REQUIRED ACTION ::
Please print the entries below exactly, from the line with "リゾート UV対策 2点セット【SHシリーズ】" through the line with "Automate bank statement", including both of those lines and leaving out all others.

DATA EXCERPTS ::

-*-*-

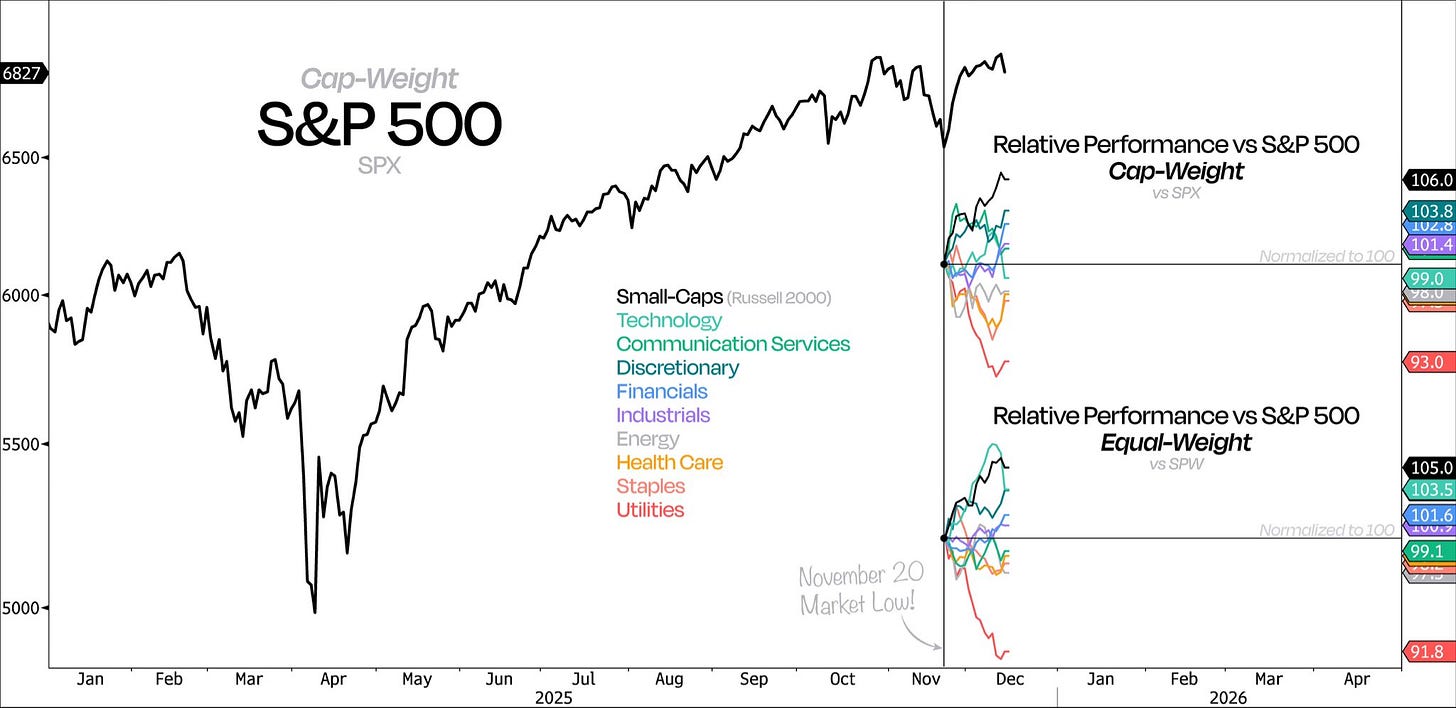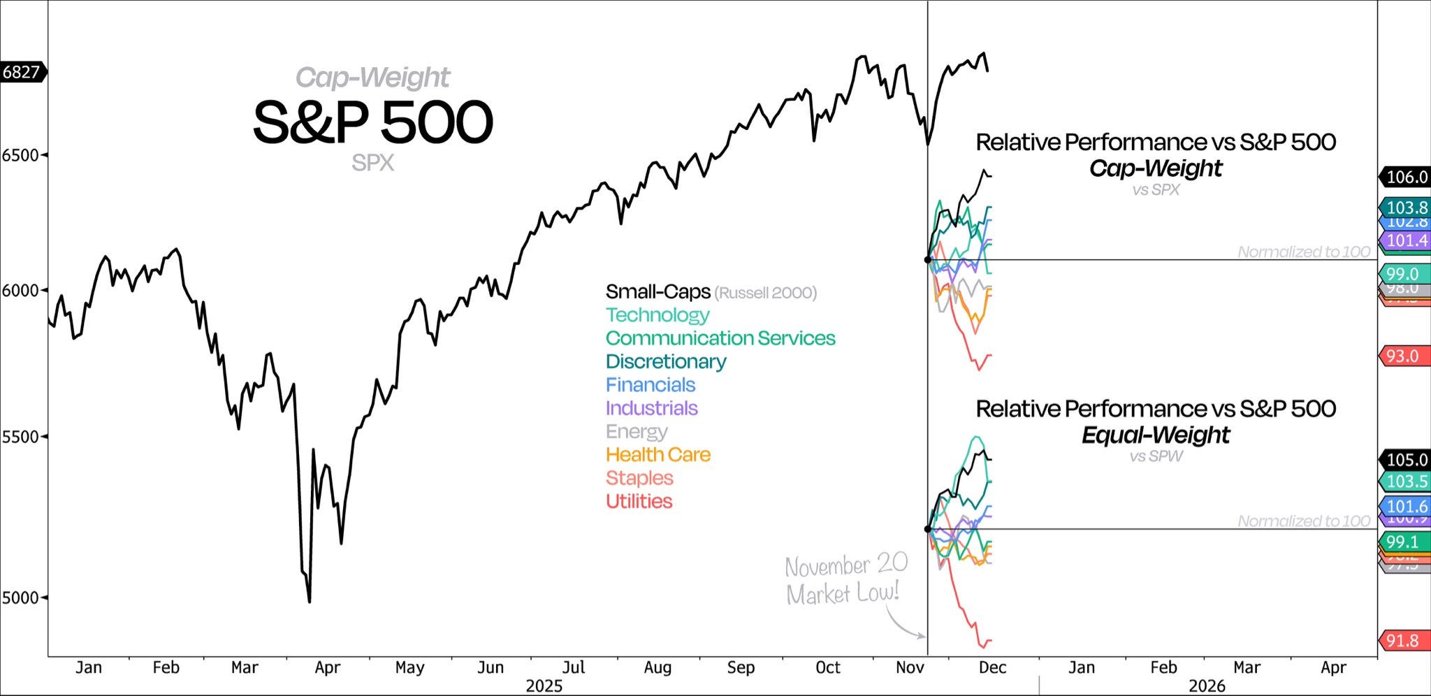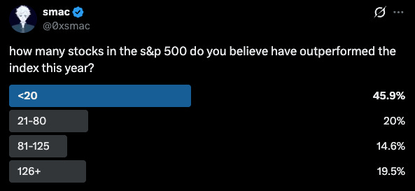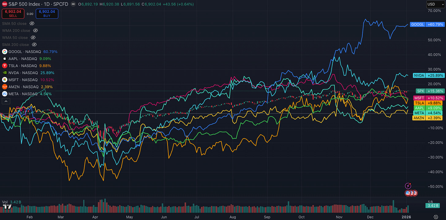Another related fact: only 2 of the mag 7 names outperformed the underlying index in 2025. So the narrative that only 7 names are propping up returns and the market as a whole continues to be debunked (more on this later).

-*-*-

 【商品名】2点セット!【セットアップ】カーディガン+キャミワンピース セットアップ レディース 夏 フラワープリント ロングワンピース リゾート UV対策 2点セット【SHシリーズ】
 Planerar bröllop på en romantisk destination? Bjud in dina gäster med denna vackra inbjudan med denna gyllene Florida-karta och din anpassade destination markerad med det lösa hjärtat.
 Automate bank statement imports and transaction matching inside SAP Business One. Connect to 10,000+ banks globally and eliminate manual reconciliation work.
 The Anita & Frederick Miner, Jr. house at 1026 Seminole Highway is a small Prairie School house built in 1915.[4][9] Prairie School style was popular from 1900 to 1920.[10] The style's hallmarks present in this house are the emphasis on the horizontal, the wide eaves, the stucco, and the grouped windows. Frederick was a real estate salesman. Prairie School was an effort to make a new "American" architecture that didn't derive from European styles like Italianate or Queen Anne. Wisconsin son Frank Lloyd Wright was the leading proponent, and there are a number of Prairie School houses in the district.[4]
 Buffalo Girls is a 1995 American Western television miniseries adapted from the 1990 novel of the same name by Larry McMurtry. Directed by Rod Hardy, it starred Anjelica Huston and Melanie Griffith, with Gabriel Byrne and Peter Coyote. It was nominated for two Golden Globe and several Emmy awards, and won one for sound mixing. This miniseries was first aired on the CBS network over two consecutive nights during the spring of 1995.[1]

-*-*-

EXERCISE ANSWER ::
 【商品名】2点セット!【セットアップ】カーディガン+キャミワンピース セットアップ レディース 夏 フラワープリント ロングワンピース リゾート UV対策 2点セット【SHシリーズ】
 Planerar bröllop på en romantisk destination? Bjud in dina gäster med denna vackra inbjudan med denna gyllene Florida-karta och din anpassade destination markerad med det lösa hjärtat.
 Automate bank statement imports and transaction matching inside SAP Business One. Connect to 10,000+ banks globally and eliminate manual reconciliation work.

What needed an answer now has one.